Question

I have some repeated (same strings) data in a multiValue field on my solr index and i want to boost documents by matches count in that field. For example:

doc1 : { locales : ['en_US', 'de_DE', 'fr_FR', 'en_US'] }
doc2 : { locales : ['en_US'] }

When i run the query q=locales:en_US i would like to see the doc1 at the top because it has two "en_US" values. What is the proper way to boost this kind of data?
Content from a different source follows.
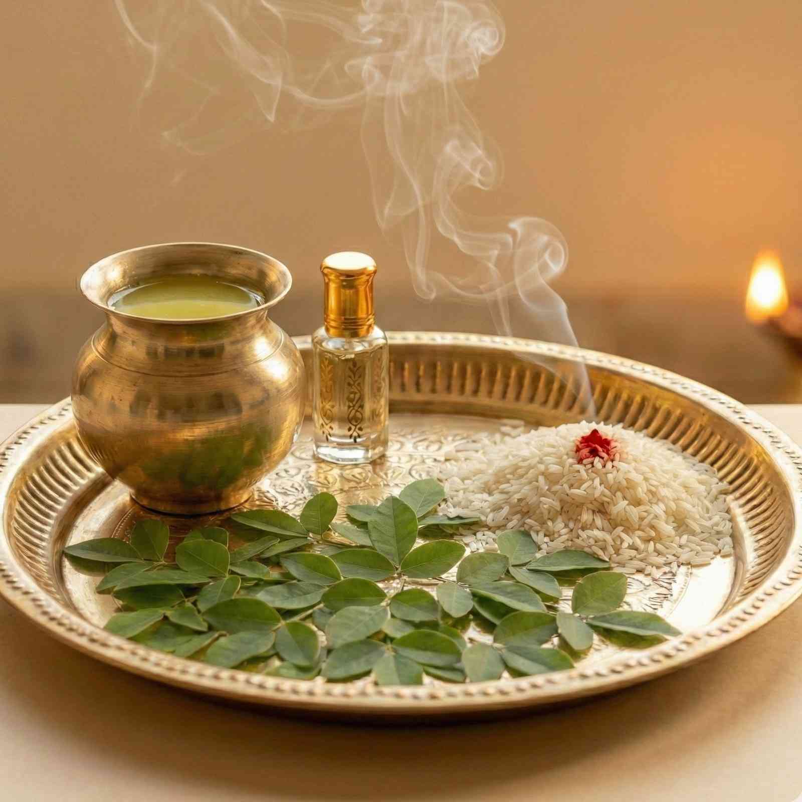 Sugarcane Juice + Ittar Seva + 108 Bilva Leaves + Akshat (Rice)

Should i use a special tokenizer?

Solr version is: 4.5

No correct solution

OTHER TIPS

Disclaimer

In order to use either of the following solutions you will need to make either one of the following changes:

  • Create a copyField for locales:
<field name="locales" type="string" indexed="true" stored="true" multiValued="true"/>
<!-- No need to store(stored="false") locales_text as it will only be used for searching/sorting/boosting -->
<field name="locales_text" type="text_general" indexed="true" stored="false" multiValued="true"/>
<copyField source="locales" dest="locales_text"/>
  • Change the type of locales to "text_general" (the type is provided in the standard solr collection1)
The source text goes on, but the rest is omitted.